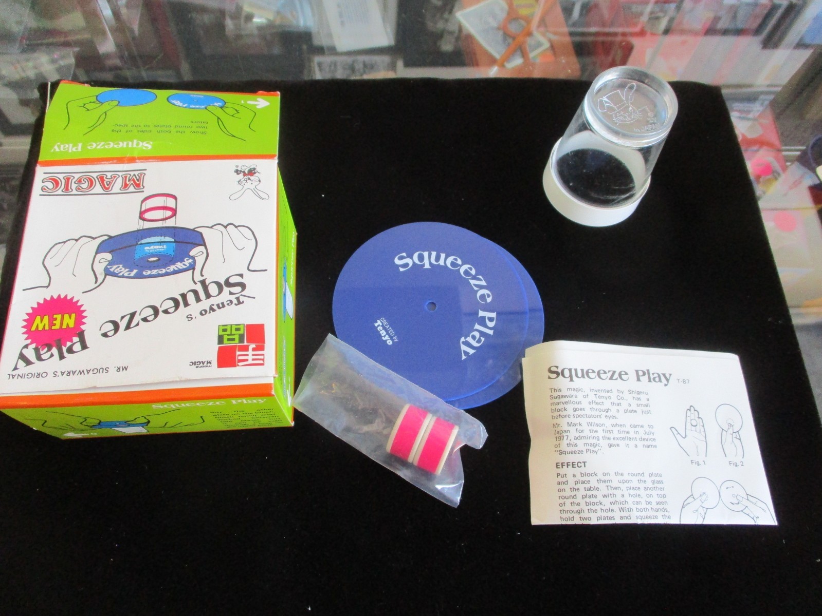 Both sides of two round plates are shown to the spectators. The cylindrical block is centered on one of the plates and placed onto the transparent glass. The other plate is placed onto the block, sandwiching it between the two plates. The block can be seen clearly through a hole in the upper plate. With both hands the magician grasps opposite sides of the plates firmly and squeezes them together. The block suddenly penetrates the lower plate and falls into the glass. Everything can be examined by the spectators.
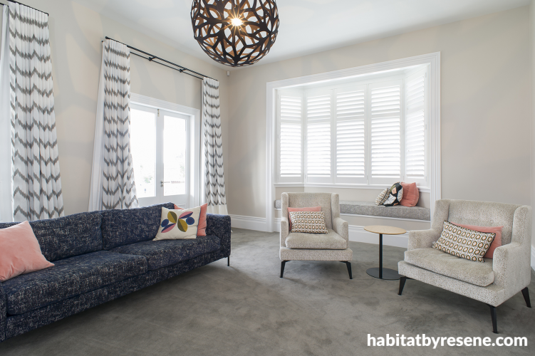 Lorraine was involved early in the project, helping to plan colours, built-in joinery, various accessories and fittings, and source new furniture. Jolie and Gareth were the perfect clients, making decisions quickly and not back-tracking. “You have to be fairly decisive on a project this size. If you start shifting things around, it can have major implications,” says Jolie.
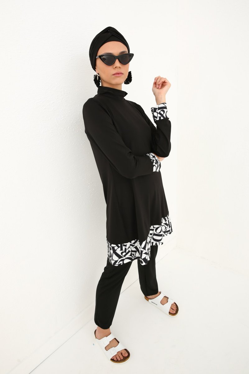 Allday Siyah Etek ve Kol Ucu Desenli Dörtlü Mayo
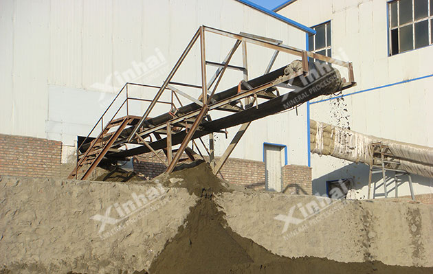 尾礦經(jīng)渣漿泵輸送到水力旋流器進(jìn)行濃縮和分級,水力旋流器的沉砂進(jìn)入高頻高效脫水篩進(jìn)行脫水處理,溢流則進(jìn)入高效化改造濃密機(jī)進(jìn)行濃縮處理。經(jīng)高頻高效脫水篩處理過后的粗粒尾礦經(jīng)皮帶運(yùn)輸機(jī)運(yùn)輸?shù)搅蠄龆汛妗F渲,?jīng)高效化改造濃縮機(jī)濃縮處理過后的尾礦由渣漿泵輸送到廂式壓濾機(jī)進(jìn)行壓濾處理,壓濾機(jī)的濾餅自卸到皮帶運(yùn)輸機(jī)上,把細(xì)粒尾礦運(yùn)輸?shù)搅蠄龆汛妗?/p>
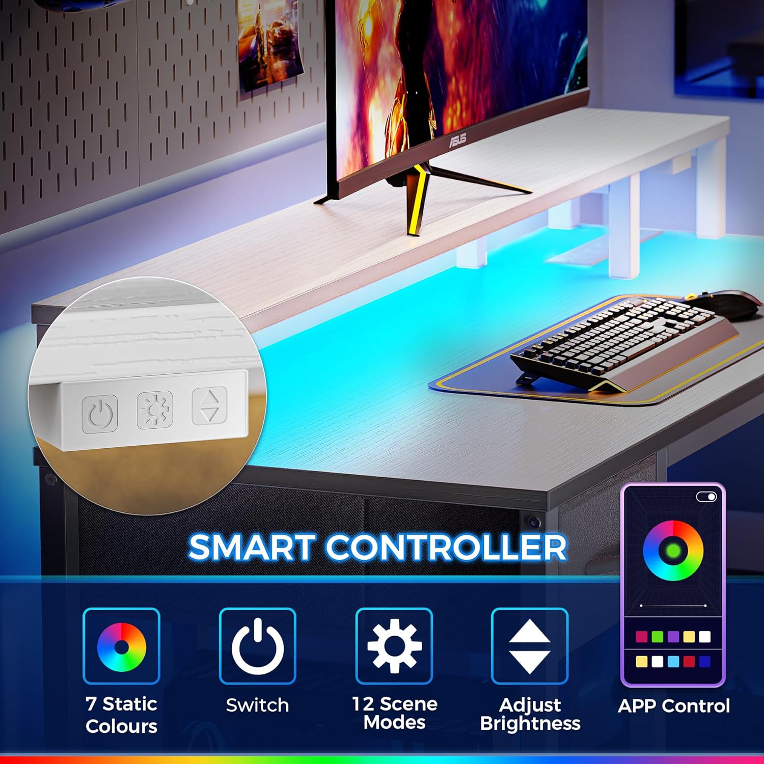 - ăL Desk with LED LightsăPATENT PENDING! Create the perfect ambiance for gaming or working with this computer desk. Choose from over 60,000 colors and enjoy the timing mode, mic mode, and music mode via the App. Alternatively, use the smart controller to switch between 12 scene modes, adjust speed levels, and set 3 brightness levels. Plus: The LED light strip needs to be plugged into a USB port to work
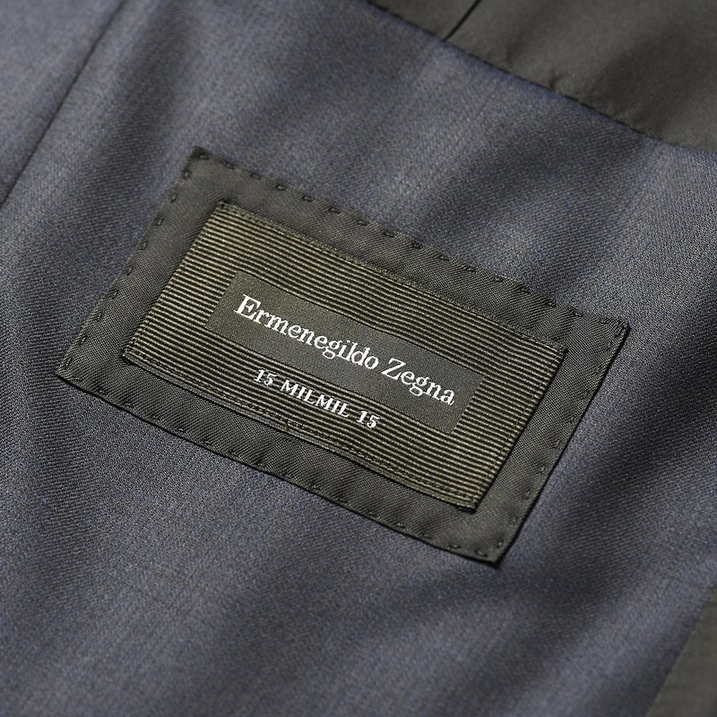 こちらのスーツは「15 milmil 15(クィンディッチ・ミルミル・クィンディッチ)」という、エルメネジルド ゼニアの生地コレクションのなかでも最高級ランクのメリノウールを使ったもの。
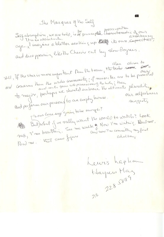 Gass had by this time become a regular contributor to Harper's Magazine, and eventually he became a contributing editor. The essay "Autobiography" first appeared in Harper's Magazine as "The Art of Self: Autobiography in the Age of Narcissism." Shown here is an early manuscript draft--somewhat rare in the William H. Gass Papers--of the essay, as well as a version published in the first Washington University Modern Literature Collection newsletter.
━━━
■ Work task
Your copy should match the records above word for word, but without images.

■ Finished exercise
 Both sides of two round plates are shown to the spectators. The cylindrical block is centered on one of the plates and placed onto the transparent glass. The other plate is placed onto the block, sandwiching it between the two plates. The block can be seen clearly through a hole in the upper plate. With both hands the magician grasps opposite sides of the plates firmly and squeezes them together. The block suddenly penetrates the lower plate and falls into the glass. Everything can be examined by the spectators.
 Lorraine was involved early in the project, helping to plan colours, built-in joinery, various accessories and fittings, and source new furniture. Jolie and Gareth were the perfect clients, making decisions quickly and not back-tracking. “You have to be fairly decisive on a project this size. If you start shifting things around, it can have major implications,” says Jolie.
 Allday Siyah Etek ve Kol Ucu Desenli Dörtlü Mayo
 尾礦經(jīng)渣漿泵輸送到水力旋流器進(jìn)行濃縮和分級,水力旋流器的沉砂進(jìn)入高頻高效脫水篩進(jìn)行脫水處理,溢流則進(jìn)入高效化改造濃密機(jī)進(jìn)行濃縮處理。經(jīng)高頻高效脫水篩處理過后的粗粒尾礦經(jīng)皮帶運(yùn)輸機(jī)運(yùn)輸?shù)搅蠄龆汛妗F渲,?jīng)高效化改造濃縮機(jī)濃縮處理過后的尾礦由渣漿泵輸送到廂式壓濾機(jī)進(jìn)行壓濾處理,壓濾機(jī)的濾餅自卸到皮帶運(yùn)輸機(jī)上,把細(xì)粒尾礦運(yùn)輸?shù)搅蠄龆汛妗?/p>
 - ăL Desk with LED LightsăPATENT PENDING! Create the perfect ambiance for gaming or working with this computer desk. Choose from over 60,000 colors and enjoy the timing mode, mic mode, and music mode via the App. Alternatively, use the smart controller to switch between 12 scene modes, adjust speed levels, and set 3 brightness levels. Plus: The LED light strip needs to be plugged into a USB port to work
 こちらのスーツは「15 milmil 15(クィンディッチ・ミルミル・クィンディッチ)」という、エルメネジルド ゼニアの生地コレクションのなかでも最高級ランクのメリノウールを使ったもの。
 Gass had by this time become a regular contributor to Harper's Magazine, and eventually he became a contributing editor. The essay "Autobiography" first appeared in Harper's Magazine as "The Art of Self: Autobiography in the Age of Narcissism." Shown here is an early manuscript draft--somewhat rare in the William H. Gass Papers--of the essay, as well as a version published in the first Washington University Modern Literature Collection newsletter.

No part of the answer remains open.